Experimental study of the shear behavior of concrete-rock interfaces under static and dynamic loading in the context of low confinement stress

Abstract

Modified static and dynamic shear tests are introduced to study the shear behavior of concrete-rock interfaces under static and dynamic loading in the context of low confinement stresses. Static and dynamic shear tests of concrete-sandstone and concrete-granite interfaces are performed using these techniques. Three levels of interface roughness are considered: smooth, bush-hammered, and rough rock surfaces. The results of these tests show that in both static and dynamic regimes, the shear evolution of concrete-rock interfaces can be described according to three successive stages: the shear stress accumulation, the shear slip, and the residual shear stress stage.
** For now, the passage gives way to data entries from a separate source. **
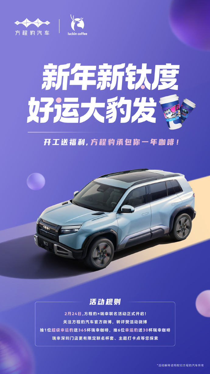 不仅如此,瑞幸还携手方程豹汽车,以「新年新钛度 好运大豹发」为主题展开联名活动。2 月 24 日起,双方在深圳千家门店同步推出限定联名杯套,邀请大家到店打卡。
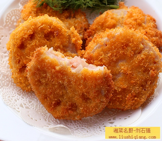 先准备一些葱姜水、将虾仁先拍松、再剁成肉泥、调入少量盐、胡椒粉、料酒、葱姜水打匀.将藕去皮切成薄片、取两片相当大小的藕片,往一片上抹上一些虾肉、用另一片压在上面成藕夹、用生粉、面粉和鸡蛋和一边清水调成浆、把藕夹放浆里均匀地裹上、再裹一层黄金面包糠、油烧至七成热,放入藕夹两面炸熟即可。
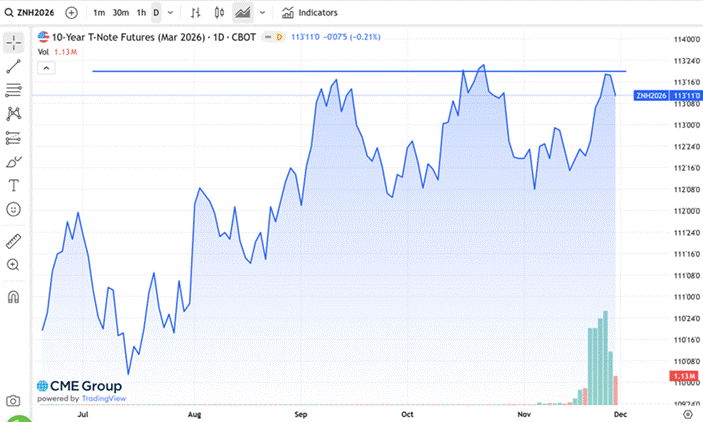 比如现在美国10年期国债又再次测试了前高。26年3月份到期的国债期货价格现在交易在113,对应于利率则在4%的关键点位。如果明年年初出现幺蛾子,那么我认为美国10年债期货价格应该会重新向下。
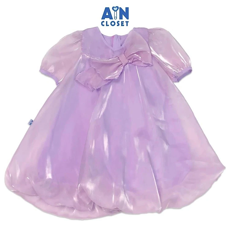 Đầm công chúa bé gái Nơ tím tay lỡ organza - AICDBGEVHKZH - AIN Closet
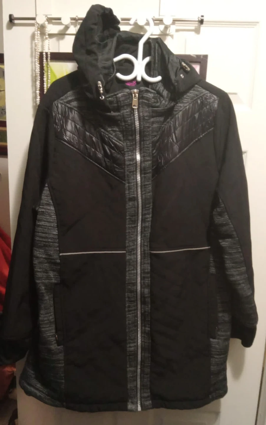 This is a women's black jacket with a quilted chest panel and contrasting grey heathered sleeves and side panels. It features a full zip closure and a hood. A practical outer layer for cooler weather!

The main parameters driving the shear process are the concrete-rock bonds, the interface roughness, and the residual friction. However, unlike in the static shear evolution, in the dynamic shear evolution, the concrete-rock bonds and the roughness seem active in the shear stress accumulation stage. Furthermore, the correlation between the shear strength and the normal stress is stronger in static than dynamic conditions. The significance of the normal stress on the dynamic shear strength appears more important in rough concrete-granite interfaces than in the other two interfaces. Lastly, the dynamic peak shear strengths of all the interfaces tested are three to four times higher than their static counterparts.